* Input material *
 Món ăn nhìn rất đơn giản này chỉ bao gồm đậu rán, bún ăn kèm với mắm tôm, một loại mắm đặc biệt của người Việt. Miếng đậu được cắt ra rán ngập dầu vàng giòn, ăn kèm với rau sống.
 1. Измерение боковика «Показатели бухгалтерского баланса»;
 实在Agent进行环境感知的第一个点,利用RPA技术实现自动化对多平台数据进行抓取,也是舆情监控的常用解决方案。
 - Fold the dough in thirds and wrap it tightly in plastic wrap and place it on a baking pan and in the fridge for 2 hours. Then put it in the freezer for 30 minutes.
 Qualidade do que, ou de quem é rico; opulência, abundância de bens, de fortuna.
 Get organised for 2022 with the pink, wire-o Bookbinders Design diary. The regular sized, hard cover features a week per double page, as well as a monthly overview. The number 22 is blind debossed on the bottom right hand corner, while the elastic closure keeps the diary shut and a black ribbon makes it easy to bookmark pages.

--

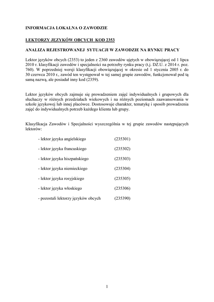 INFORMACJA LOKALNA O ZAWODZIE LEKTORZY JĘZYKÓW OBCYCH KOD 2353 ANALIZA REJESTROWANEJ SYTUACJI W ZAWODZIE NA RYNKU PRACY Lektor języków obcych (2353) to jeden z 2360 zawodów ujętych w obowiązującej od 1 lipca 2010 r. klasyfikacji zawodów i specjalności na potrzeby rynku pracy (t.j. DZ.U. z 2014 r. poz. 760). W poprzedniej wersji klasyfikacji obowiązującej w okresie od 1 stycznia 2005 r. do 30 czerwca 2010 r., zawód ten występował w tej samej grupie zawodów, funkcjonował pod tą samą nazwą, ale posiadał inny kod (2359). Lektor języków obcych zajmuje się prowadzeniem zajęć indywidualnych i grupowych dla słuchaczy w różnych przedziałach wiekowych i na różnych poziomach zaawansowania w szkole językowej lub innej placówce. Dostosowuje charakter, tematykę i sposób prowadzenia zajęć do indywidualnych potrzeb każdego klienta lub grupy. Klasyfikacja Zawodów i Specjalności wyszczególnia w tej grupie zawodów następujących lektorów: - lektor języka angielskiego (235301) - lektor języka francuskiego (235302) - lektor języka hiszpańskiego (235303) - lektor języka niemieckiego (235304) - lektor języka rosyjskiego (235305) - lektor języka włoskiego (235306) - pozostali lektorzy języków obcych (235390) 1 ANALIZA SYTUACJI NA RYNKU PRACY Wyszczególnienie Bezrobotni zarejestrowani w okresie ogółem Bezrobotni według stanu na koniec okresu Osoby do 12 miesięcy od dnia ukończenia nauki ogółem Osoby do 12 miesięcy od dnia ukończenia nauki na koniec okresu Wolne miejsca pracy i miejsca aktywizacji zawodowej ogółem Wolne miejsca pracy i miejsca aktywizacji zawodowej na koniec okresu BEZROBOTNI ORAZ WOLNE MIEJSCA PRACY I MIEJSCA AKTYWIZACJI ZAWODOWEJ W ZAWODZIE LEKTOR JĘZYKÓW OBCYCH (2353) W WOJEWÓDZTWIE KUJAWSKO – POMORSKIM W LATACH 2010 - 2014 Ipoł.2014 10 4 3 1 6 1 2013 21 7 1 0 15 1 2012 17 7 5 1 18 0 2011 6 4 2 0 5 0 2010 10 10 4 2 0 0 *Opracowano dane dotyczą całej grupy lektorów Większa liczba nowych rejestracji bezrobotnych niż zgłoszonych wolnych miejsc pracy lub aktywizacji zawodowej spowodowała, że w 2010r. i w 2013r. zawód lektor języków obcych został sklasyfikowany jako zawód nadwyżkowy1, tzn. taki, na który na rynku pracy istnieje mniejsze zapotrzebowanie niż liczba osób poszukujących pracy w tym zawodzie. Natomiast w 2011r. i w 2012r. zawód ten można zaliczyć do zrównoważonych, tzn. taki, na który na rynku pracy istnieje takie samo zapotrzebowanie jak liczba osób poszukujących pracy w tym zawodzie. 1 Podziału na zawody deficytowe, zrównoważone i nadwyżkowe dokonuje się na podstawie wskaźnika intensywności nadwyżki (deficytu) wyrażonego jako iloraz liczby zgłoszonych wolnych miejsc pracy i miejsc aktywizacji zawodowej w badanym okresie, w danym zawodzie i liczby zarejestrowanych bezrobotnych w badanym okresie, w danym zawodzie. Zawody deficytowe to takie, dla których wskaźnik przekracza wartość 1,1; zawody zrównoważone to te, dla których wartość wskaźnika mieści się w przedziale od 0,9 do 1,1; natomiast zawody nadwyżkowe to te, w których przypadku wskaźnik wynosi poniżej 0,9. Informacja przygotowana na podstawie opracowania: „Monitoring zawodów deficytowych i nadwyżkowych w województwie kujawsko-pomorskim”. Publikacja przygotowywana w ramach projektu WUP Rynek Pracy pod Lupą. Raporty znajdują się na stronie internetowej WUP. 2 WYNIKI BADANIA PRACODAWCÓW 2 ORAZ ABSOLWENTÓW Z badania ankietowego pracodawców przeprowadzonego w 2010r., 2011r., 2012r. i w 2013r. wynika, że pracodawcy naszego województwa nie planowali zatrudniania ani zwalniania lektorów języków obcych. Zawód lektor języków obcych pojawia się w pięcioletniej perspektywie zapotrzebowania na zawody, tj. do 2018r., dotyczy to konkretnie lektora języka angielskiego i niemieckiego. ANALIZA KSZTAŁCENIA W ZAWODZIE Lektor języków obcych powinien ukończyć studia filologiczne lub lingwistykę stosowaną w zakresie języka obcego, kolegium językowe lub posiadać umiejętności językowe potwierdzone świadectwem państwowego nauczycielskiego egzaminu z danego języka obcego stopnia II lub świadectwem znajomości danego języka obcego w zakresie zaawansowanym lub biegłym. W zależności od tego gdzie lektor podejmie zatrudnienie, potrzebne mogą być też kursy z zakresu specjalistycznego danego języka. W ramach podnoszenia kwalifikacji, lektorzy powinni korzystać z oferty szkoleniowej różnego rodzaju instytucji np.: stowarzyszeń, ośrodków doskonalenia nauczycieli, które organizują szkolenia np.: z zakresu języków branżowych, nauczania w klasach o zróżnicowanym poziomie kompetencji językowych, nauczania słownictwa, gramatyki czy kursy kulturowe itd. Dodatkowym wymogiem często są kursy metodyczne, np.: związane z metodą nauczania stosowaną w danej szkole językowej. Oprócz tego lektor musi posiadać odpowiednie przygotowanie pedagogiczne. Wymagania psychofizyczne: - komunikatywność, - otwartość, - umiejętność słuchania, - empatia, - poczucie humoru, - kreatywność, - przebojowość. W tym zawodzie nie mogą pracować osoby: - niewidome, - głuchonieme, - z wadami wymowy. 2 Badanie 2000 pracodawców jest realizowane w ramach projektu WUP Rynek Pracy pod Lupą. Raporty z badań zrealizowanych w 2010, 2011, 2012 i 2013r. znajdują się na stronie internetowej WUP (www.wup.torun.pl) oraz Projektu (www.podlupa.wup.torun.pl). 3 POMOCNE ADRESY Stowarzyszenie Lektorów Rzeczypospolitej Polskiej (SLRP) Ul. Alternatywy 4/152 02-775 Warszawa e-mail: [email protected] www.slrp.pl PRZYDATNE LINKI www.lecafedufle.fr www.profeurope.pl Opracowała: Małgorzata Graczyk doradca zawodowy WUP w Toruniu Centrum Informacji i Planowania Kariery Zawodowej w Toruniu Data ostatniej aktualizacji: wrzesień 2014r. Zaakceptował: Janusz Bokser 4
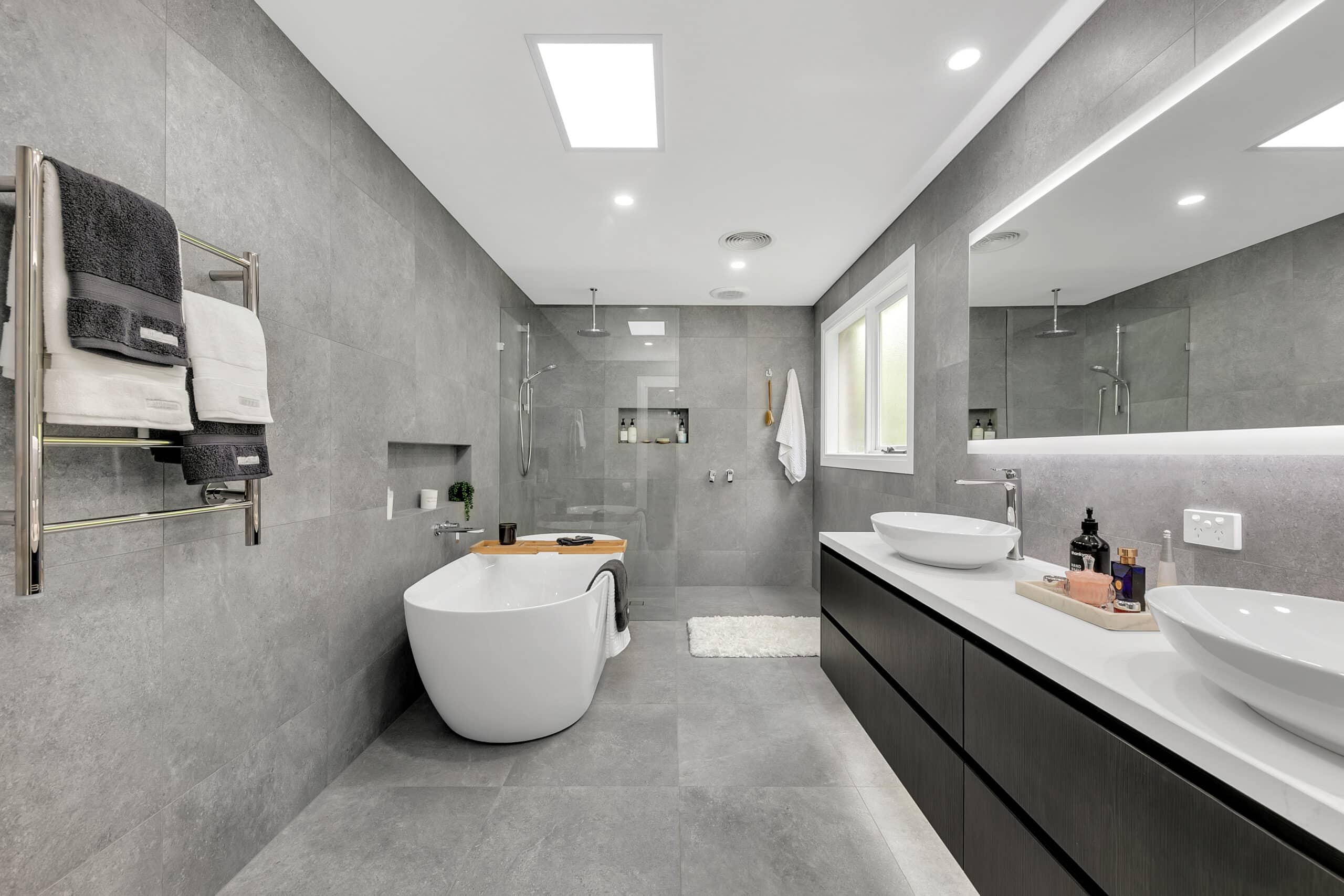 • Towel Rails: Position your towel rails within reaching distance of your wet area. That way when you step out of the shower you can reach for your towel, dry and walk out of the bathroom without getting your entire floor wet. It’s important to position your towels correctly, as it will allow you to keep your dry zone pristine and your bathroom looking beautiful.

==

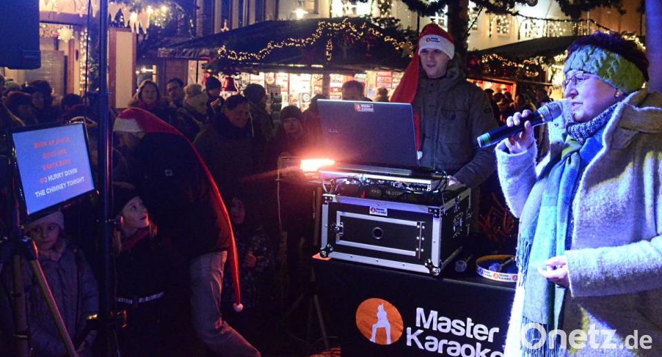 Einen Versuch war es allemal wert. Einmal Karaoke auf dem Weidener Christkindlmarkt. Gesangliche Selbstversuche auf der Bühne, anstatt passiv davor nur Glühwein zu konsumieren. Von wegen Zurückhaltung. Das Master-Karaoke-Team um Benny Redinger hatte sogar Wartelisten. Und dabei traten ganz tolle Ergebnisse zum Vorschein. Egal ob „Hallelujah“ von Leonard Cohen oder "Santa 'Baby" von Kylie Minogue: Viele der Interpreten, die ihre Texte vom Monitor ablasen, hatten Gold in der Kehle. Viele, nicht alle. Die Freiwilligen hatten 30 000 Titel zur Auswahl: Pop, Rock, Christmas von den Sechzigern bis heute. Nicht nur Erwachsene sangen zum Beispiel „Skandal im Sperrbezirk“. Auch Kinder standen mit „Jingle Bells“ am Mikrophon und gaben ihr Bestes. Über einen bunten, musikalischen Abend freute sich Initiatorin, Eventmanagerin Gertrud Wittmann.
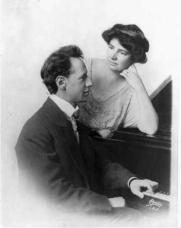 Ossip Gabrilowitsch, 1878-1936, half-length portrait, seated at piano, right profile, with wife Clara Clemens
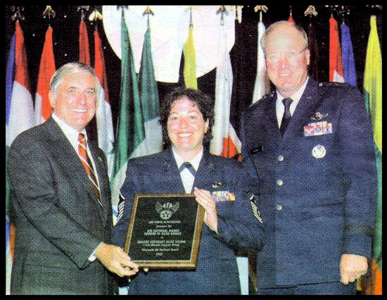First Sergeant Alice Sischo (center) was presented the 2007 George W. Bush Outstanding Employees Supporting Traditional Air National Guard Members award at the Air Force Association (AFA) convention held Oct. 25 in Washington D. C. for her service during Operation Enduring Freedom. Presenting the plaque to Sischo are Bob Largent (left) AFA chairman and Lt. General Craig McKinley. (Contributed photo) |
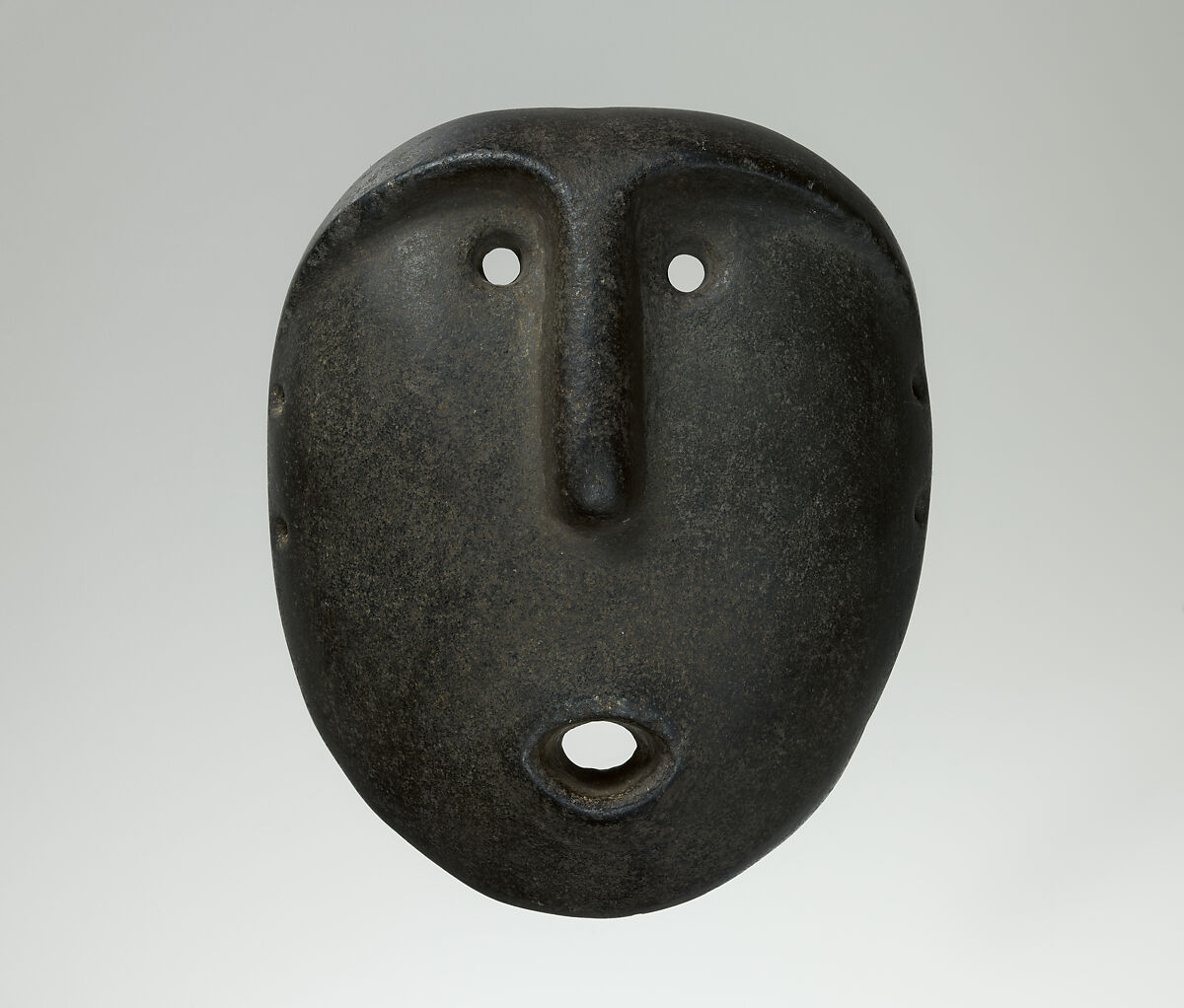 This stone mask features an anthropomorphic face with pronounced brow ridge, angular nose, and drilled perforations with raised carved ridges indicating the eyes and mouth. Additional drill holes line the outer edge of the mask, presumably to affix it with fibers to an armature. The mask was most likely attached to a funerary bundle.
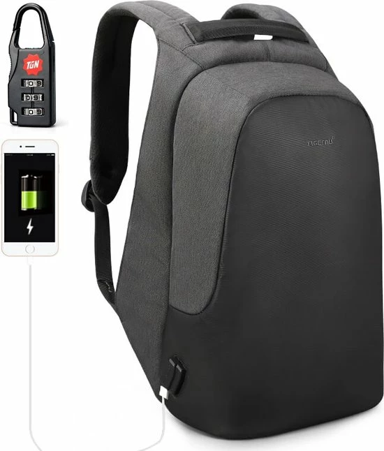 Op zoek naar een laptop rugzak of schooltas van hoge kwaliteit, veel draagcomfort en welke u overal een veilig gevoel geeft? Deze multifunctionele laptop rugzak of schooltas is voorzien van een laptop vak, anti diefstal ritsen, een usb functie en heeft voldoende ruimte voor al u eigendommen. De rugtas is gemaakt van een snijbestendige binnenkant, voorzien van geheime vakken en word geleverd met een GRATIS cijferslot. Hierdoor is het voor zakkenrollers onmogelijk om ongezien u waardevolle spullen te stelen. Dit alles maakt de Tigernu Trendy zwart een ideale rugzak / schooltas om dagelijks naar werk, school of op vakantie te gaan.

* How to complete this task *
Go to the line with "Món ăn nhìn" in the entries above and repeat every line from there through the line with "- Fold the dough", exactly and with no other text.

* Exercise output *
 Món ăn nhìn rất đơn giản này chỉ bao gồm đậu rán, bún ăn kèm với mắm tôm, một loại mắm đặc biệt của người Việt. Miếng đậu được cắt ra rán ngập dầu vàng giòn, ăn kèm với rau sống.
 1. Измерение боковика «Показатели бухгалтерского баланса»;
 实在Agent进行环境感知的第一个点,利用RPA技术实现自动化对多平台数据进行抓取,也是舆情监控的常用解决方案。
 - Fold the dough in thirds and wrap it tightly in plastic wrap and place it on a baking pan and in the fridge for 2 hours. Then put it in the freezer for 30 minutes.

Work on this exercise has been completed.